For a more granular analysis, the documentation also reveals a specific data model called DocProperties BadTitleInfo, designed to score poorly constructed elements. When Goldmine encounters a low-quality candidate, such as a title with boilerplate text, the goldmineHasBoilerplateInTitle attribute applies a direct penalty to that specific candidate’s score.
Other penalty attributes include dupTokens for keyword stuffingand isTruncated for elements that are too long to display properly.
In the first instance, this penalty is purely at the SERP construction level.
The system effectively says, “This publisher-provided <title> tag is low-quality; I will penalise its score so it loses the competition. I will instead choose a better candidate, like the <h1>.” The immediate consequence is visual: your intended snippet isn’t shown.

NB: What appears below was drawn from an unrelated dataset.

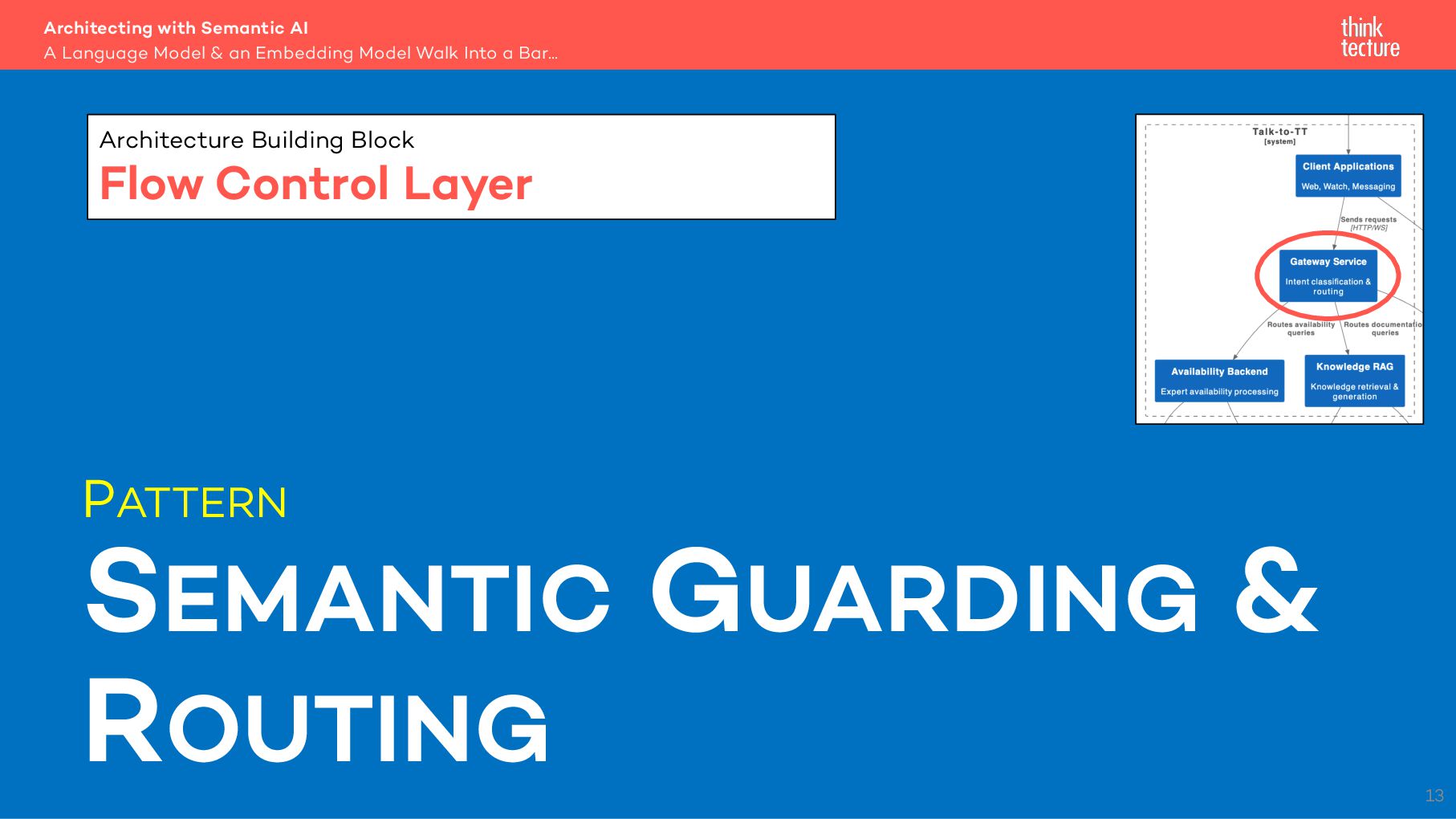 Model Walk Into a Bar... PATTERN SEMANTIC GUARDING & ROUTING 13 Architecture Building Block Flow Control Layer

Step 2: The Indirect, Core Ranking Impact
This is where the true power of the system becomes clear. The DocProperties model, which contains the raw inputs, confirms the existence of a data pipeline where its information is passed downstream to core scoring systems. The Goldmine system acts as a crucial pre-filter in this pipeline for the powerful NavBoost re-ranking system. NavBoost relies on clean user click data to function correctly.

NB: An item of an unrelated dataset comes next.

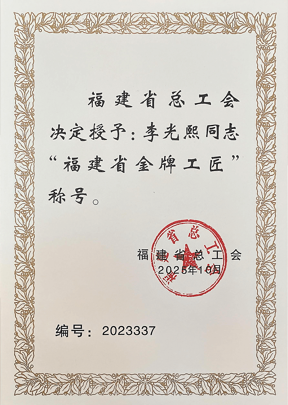 2025福建省总工会决定授予:李光熙同志"福建省金牌工匠"称号。

By penalising a bad element, Goldmine forces a different one to be displayed on the SERP. This new element is now subjected to a live A/B test with real users.

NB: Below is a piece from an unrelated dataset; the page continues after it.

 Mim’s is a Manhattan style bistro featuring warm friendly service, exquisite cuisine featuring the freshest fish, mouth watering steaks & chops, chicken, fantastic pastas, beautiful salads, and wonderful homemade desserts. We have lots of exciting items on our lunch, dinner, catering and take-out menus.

The click behaviour on this new element – whether it generates “good clicks” or “bad clicks” – is fed directly back into the NavBoost system via the goldmineNavboostFactor.
Since NavBoost is a powerful system that can boost or demote rankings based on user interaction signals, the performance of that replacement snippet can now directly impact your page’s actual ranking.
In this light, Goldmine’s penalty system is not merely punitive; it is a critical data hygiene mechanism. It removes “pollutants” like spammy or boilerplate text from the SERP before they can corrupt the user feedback loop that influences core rankings.
Section 4: Strategic Implications: Optimising for a Goldmine-Driven World
This technical deconstruction of the Goldmine system demands a significant evolution in SEO strategy. Optimising for a world where Goldmine is the judge requires moving beyond generic advice and adopting a more holistic and evidence-based approach. The following strategies are derived directly from the system’s architecture.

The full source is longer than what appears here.